[Start of Attachment]

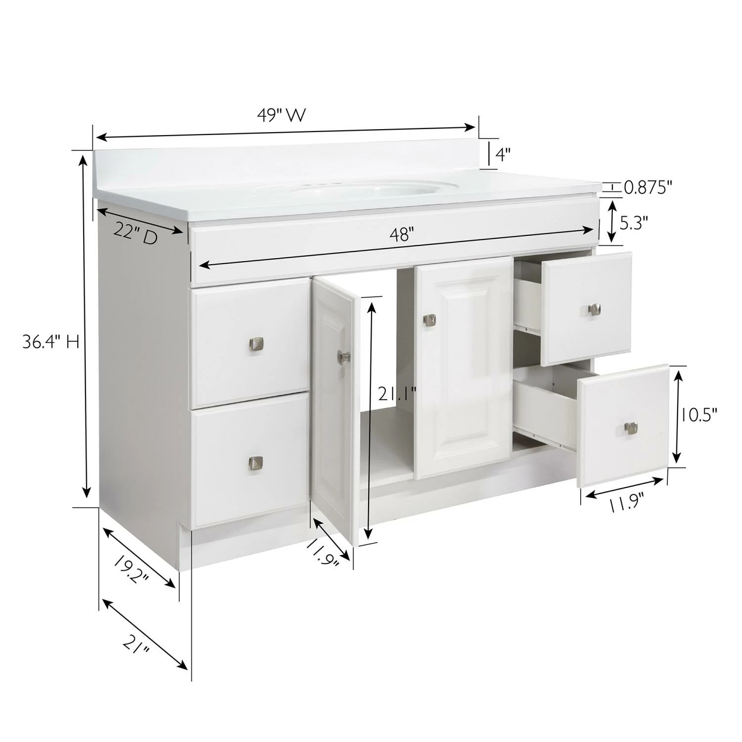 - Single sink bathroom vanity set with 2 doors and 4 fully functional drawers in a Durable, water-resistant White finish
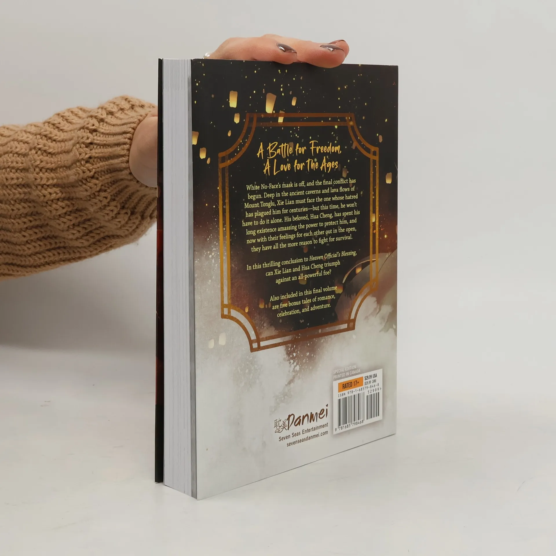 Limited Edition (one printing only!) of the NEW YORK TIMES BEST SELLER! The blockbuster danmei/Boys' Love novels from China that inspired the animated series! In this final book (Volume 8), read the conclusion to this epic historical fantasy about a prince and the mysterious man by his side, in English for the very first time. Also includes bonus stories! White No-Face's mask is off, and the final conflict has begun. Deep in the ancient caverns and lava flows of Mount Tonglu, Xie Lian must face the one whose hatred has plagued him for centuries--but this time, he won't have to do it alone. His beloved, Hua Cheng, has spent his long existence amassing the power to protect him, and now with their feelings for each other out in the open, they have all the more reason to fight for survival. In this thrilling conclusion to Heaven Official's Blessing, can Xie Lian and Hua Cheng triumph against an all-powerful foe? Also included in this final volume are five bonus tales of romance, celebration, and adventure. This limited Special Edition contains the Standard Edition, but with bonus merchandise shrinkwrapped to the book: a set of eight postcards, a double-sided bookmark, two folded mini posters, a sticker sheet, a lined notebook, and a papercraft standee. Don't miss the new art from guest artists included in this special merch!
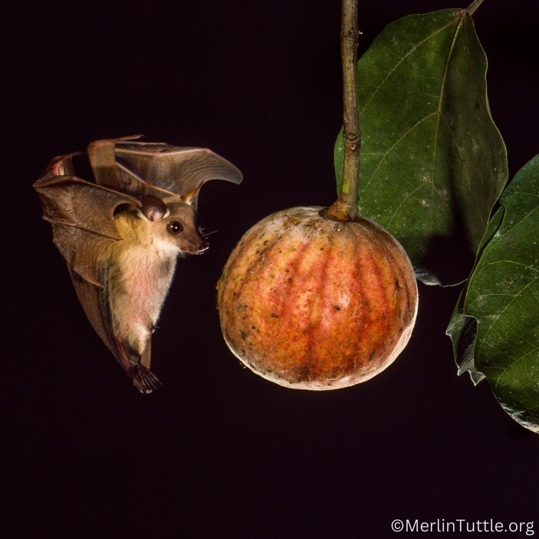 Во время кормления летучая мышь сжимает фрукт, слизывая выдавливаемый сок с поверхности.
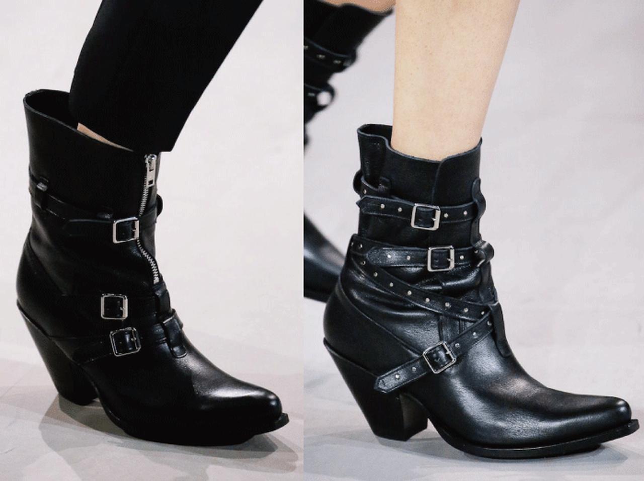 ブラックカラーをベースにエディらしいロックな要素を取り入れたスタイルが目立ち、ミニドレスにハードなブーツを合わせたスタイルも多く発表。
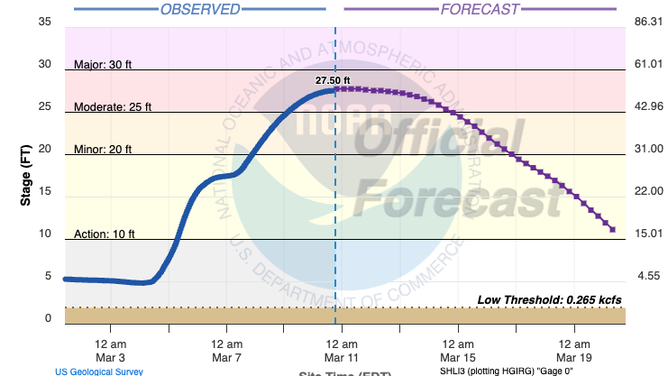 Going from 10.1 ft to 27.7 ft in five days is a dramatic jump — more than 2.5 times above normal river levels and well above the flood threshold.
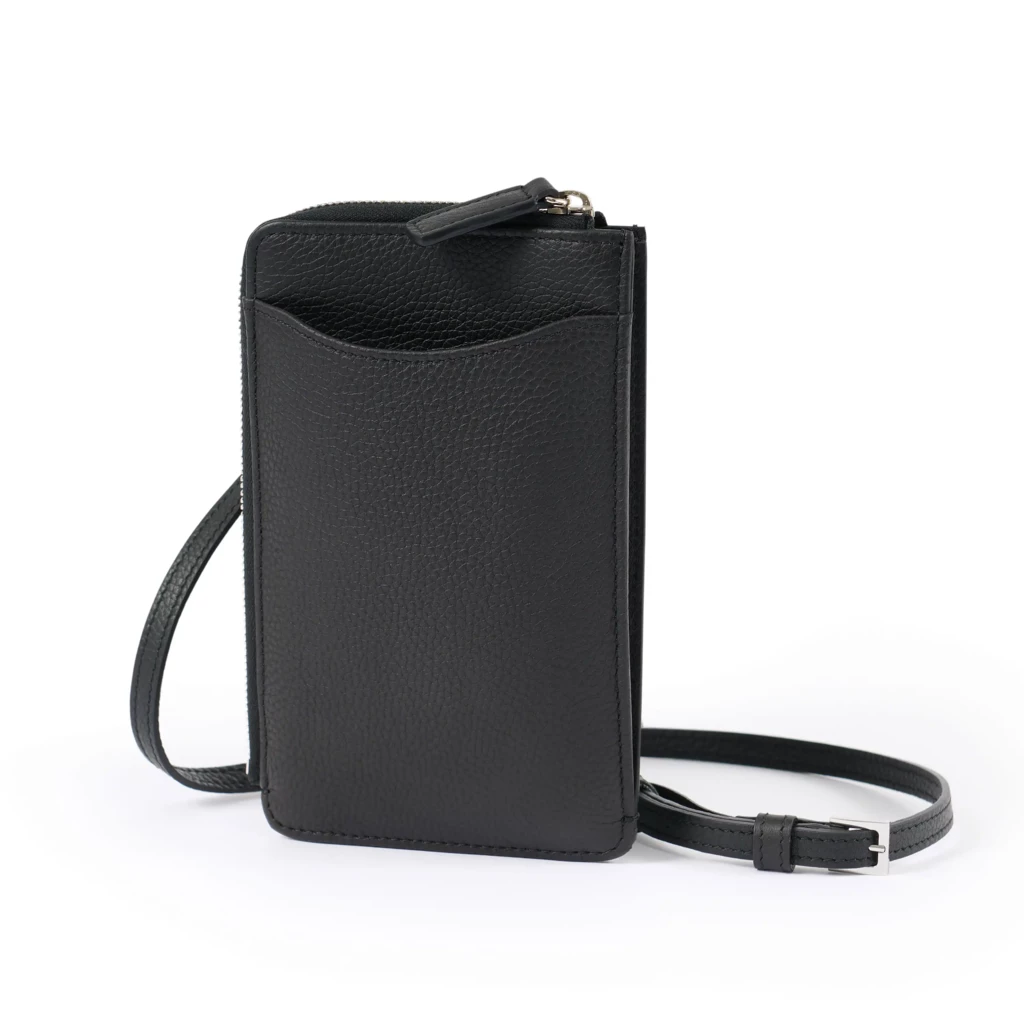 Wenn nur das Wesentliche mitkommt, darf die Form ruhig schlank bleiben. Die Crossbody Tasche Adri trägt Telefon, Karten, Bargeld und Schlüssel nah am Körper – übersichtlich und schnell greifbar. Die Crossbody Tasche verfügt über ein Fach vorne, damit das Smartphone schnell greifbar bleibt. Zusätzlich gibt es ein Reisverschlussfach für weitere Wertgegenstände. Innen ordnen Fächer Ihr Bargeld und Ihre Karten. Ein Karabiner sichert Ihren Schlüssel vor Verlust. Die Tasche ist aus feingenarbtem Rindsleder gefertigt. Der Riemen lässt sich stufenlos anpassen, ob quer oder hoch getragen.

[End of Attachment]

- **Aim of the task**
Please retype all the entries word for word, omitting the pictures.

- **Response box**
 - Single sink bathroom vanity set with 2 doors and 4 fully functional drawers in a Durable, water-resistant White finish
 Limited Edition (one printing only!) of the NEW YORK TIMES BEST SELLER! The blockbuster danmei/Boys' Love novels from China that inspired the animated series! In this final book (Volume 8), read the conclusion to this epic historical fantasy about a prince and the mysterious man by his side, in English for the very first time. Also includes bonus stories! White No-Face's mask is off, and the final conflict has begun. Deep in the ancient caverns and lava flows of Mount Tonglu, Xie Lian must face the one whose hatred has plagued him for centuries--but this time, he won't have to do it alone. His beloved, Hua Cheng, has spent his long existence amassing the power to protect him, and now with their feelings for each other out in the open, they have all the more reason to fight for survival. In this thrilling conclusion to Heaven Official's Blessing, can Xie Lian and Hua Cheng triumph against an all-powerful foe? Also included in this final volume are five bonus tales of romance, celebration, and adventure. This limited Special Edition contains the Standard Edition, but with bonus merchandise shrinkwrapped to the book: a set of eight postcards, a double-sided bookmark, two folded mini posters, a sticker sheet, a lined notebook, and a papercraft standee. Don't miss the new art from guest artists included in this special merch!
 Во время кормления летучая мышь сжимает фрукт, слизывая выдавливаемый сок с поверхности.
 ブラックカラーをベースにエディらしいロックな要素を取り入れたスタイルが目立ち、ミニドレスにハードなブーツを合わせたスタイルも多く発表。
 Going from 10.1 ft to 27.7 ft in five days is a dramatic jump — more than 2.5 times above normal river levels and well above the flood threshold.
 Wenn nur das Wesentliche mitkommt, darf die Form ruhig schlank bleiben. Die Crossbody Tasche Adri trägt Telefon, Karten, Bargeld und Schlüssel nah am Körper – übersichtlich und schnell greifbar. Die Crossbody Tasche verfügt über ein Fach vorne, damit das Smartphone schnell greifbar bleibt. Zusätzlich gibt es ein Reisverschlussfach für weitere Wertgegenstände. Innen ordnen Fächer Ihr Bargeld und Ihre Karten. Ein Karabiner sichert Ihren Schlüssel vor Verlust. Die Tasche ist aus feingenarbtem Rindsleder gefertigt. Der Riemen lässt sich stufenlos anpassen, ob quer oder hoch getragen.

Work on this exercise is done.